** INFORMATION SUPPLIED follows **

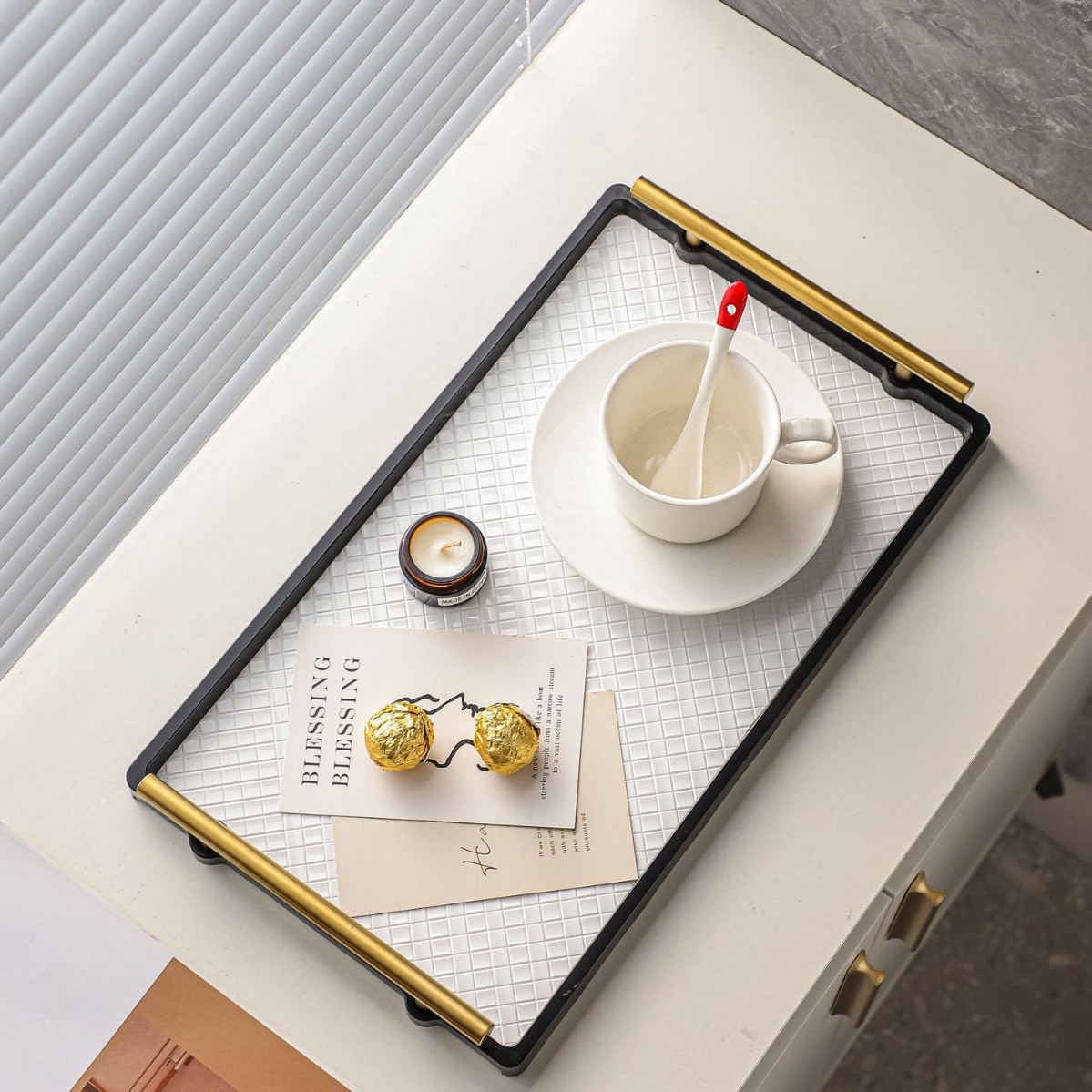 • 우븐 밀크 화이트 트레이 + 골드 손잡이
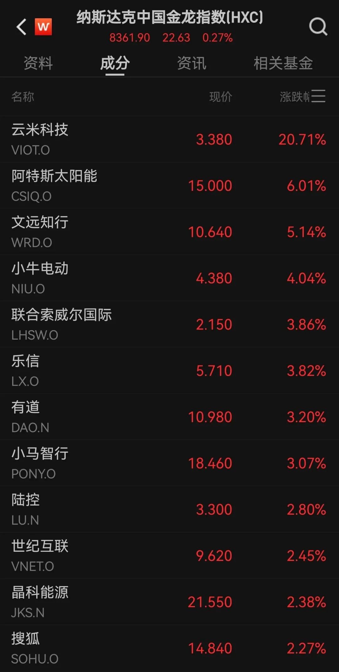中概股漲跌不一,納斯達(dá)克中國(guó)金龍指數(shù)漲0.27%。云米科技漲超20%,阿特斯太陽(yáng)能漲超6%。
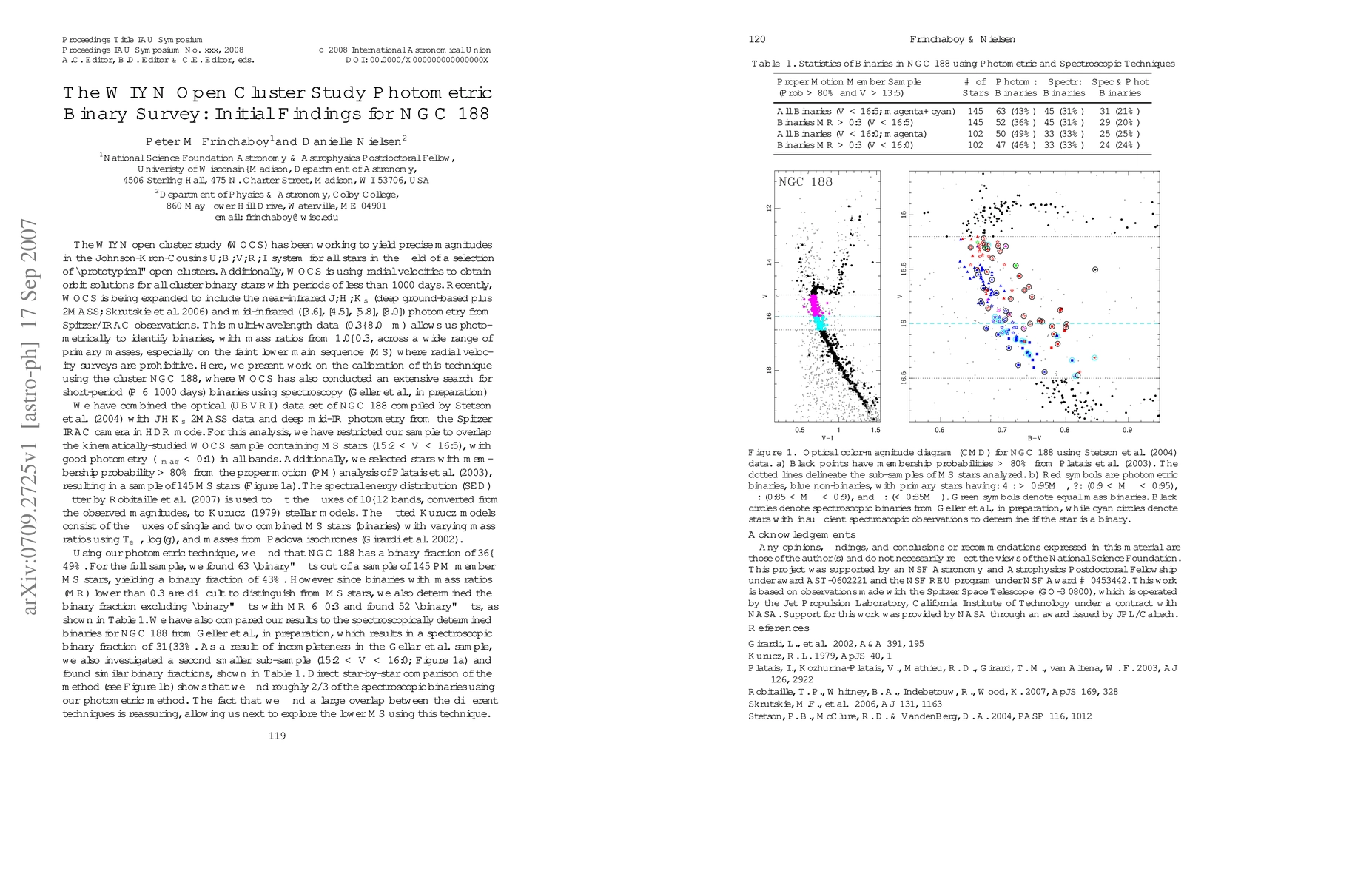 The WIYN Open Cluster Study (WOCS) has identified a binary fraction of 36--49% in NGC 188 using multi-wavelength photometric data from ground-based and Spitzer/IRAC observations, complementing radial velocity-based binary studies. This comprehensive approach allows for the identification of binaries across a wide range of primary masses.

** End of INFORMATION SUPPLIED **

PROBLEM STATEMENT -> Go through the listing above and write it out again exactly, dropping the pictures.

ANSWER TO THIS PROBLEM ->
 • 우븐 밀크 화이트 트레이 + 골드 손잡이
中概股漲跌不一,納斯達(dá)克中國(guó)金龍指數(shù)漲0.27%。云米科技漲超20%,阿特斯太陽(yáng)能漲超6%。
 The WIYN Open Cluster Study (WOCS) has identified a binary fraction of 36--49% in NGC 188 using multi-wavelength photometric data from ground-based and Spitzer/IRAC observations, complementing radial velocity-based binary studies. This comprehensive approach allows for the identification of binaries across a wide range of primary masses.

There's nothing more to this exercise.